Gardening This Weekend: July 11, 2019
It’s gotten hot across Texas, so we try to make every minute we spend out in our landscapes count double. Here are the things that are most critical right now.
• St. Augustine, bermuda or zoysia sod. Water new grass deeply after planting, then twice daily for about 5 minutes per time for the first 10 days. Gradually cut back to once daily, then twice weekly as its roots grow deeper into the soil.
• Peppers into your fall vegetable garden. South Texas gardeners, this is last call for planting tomato transplants so that they’ll have time to mature before frost. Small and mid-sized varieties only.
• Color plants that can stand up to the heat.

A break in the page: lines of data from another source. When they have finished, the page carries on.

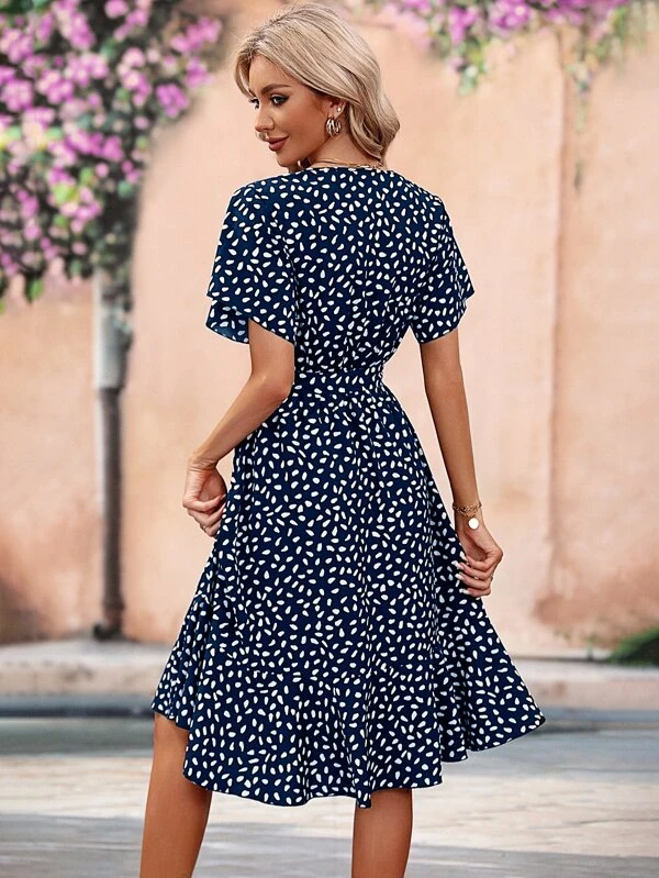 Vestido floral de manga obispo de muslo con abertura de cuello cuadrado
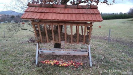Dneska kontrola přítoku do mého rybníčka, zároveň u rybníčka založen náš krmelec jablíčky a tvrdým chlebem.
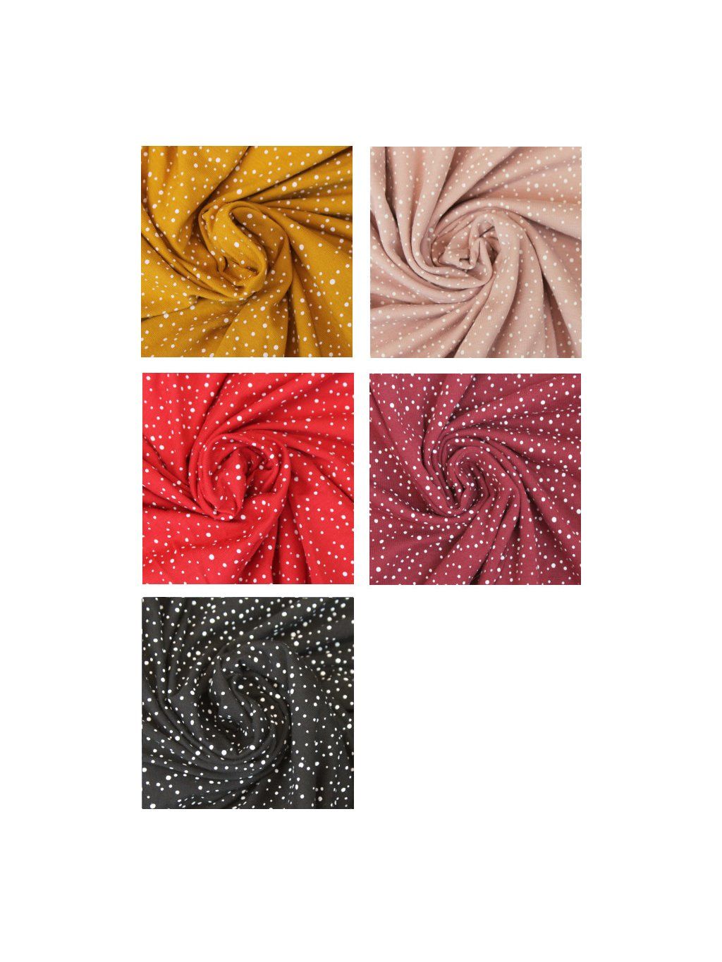 Látka na tričko má bílé drobné puntíky.
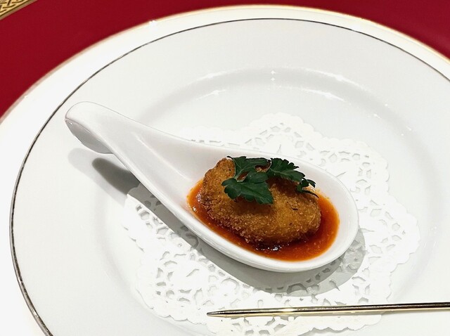 アミューズは一口サイズのフリットでした。サクサクと温かく、牡蠣のような貝の香り、トマトソースにほのかに香るパセリとガーリックがアクセントになって美味しかったです。

Best types include purslane, moss rose, Cora periwinkles (must have perfect drainage), angelonia, pentas, ornamental sweet potatoes, fanflower, purple fountaingrass, crotons, Dahlberg daisies, trailing lantanas, tropical hibiscus and a lot of others.
• Keep mowing lawn at recommended height. Mowing lawn higher than recommended does not improve its summer durability.
• Dead or damaged branches from trees and shrubs. It’s hot enough now to prune oaks without worrying about oak wilt activity. Seal all oak cuts with black pruning paint. Do not seal other types of plants.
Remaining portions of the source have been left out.